Heheh thanks, I am so determined not to go there!  SQLite has been
such a nice simple database to use, I will do anything to avoid all
the complexity of those map-reduce solutions.

> 2. Worry about the number of rows; that's what feeds into the big-oh: O(n).
> Assuming your 150 columns translate into a 1.5k to 2k record length that
> means your 300 gigabyte file must have 150 (300 gig/2k) to 200 (300
> gig/1.5k) million records.

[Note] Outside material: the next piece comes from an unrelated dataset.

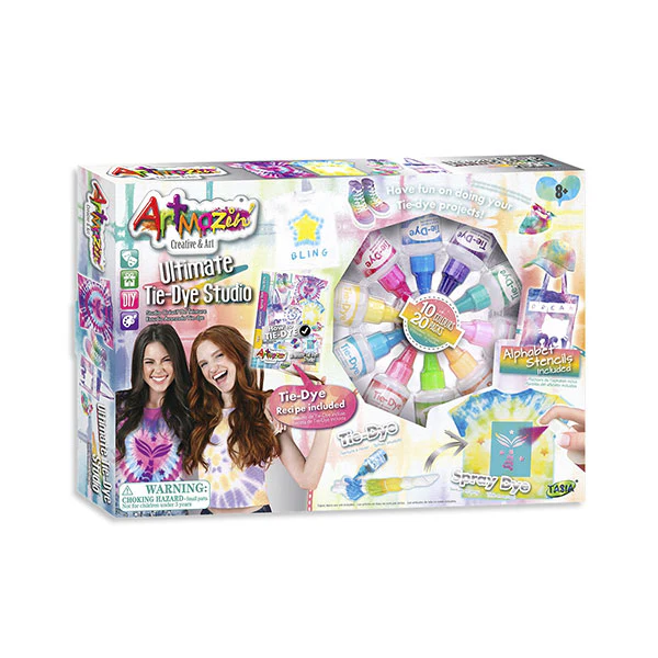 Crea tus propios accesorios con estilo con un kit batik. El set incluye 10 colores y accesorios. Se recomienda para mayores de 8 años.

That's a lot of n for O(n).

I've got about 200 million rows of 1,100 bytes each.  At least it's
linear.  I would love to partition the rows into 4 databases and query
them in parallel.  But that's just a fantasy, I can live with it for
now.

> So, I would recommend double checking the specs of your SSD and not
> necessarily making the reasonable, but not yet true, assumption that
> solid-state has to be faster than mechanical.

I use an SSD for other reasons.  However, I've tested sustained
sequential read and I am getting 550MB/s.  I'm doing full table scans
so it's sequential.  This is on a laptop, and I am fairly sure there
are no mechanical 2.5" HDDs that can transfer 200GB at 550MB/s.

> One strategy that might work is to have an entirely separate (not joined) 8
> column table; develop queries (targets) on that database and then write out
> the primary key of the rows you are interested in to a separate table
> (CREATE TABLE AS SELECT primarykey FROM 8columntable WHERE yourquery;) and
> then JOIN the row reduced table to the main table. If your rowreduced table
> has millions of fewer records (primary keys) that's millions of rows (in
> the main 150 column table) where the precompiled SQL query doesn't have to
> be executed.

Cheers for that, I'll do some testing and see how I go!

Thanks,

Paul
___
sqlite-users mailing list
sqlite-users@sqlite.org
http://sqlite.org:8080/cgi-bin/mailman/listinfo/sqlite-users


Re: [sqlite] Improve query performance using a join

2014-08-19 Thread Paul Dillon
Thanks to all that replied to my post and sorry for the delayed response.
 I had trouble joining the list and had not realised that my post went
through until I tried to join the list again.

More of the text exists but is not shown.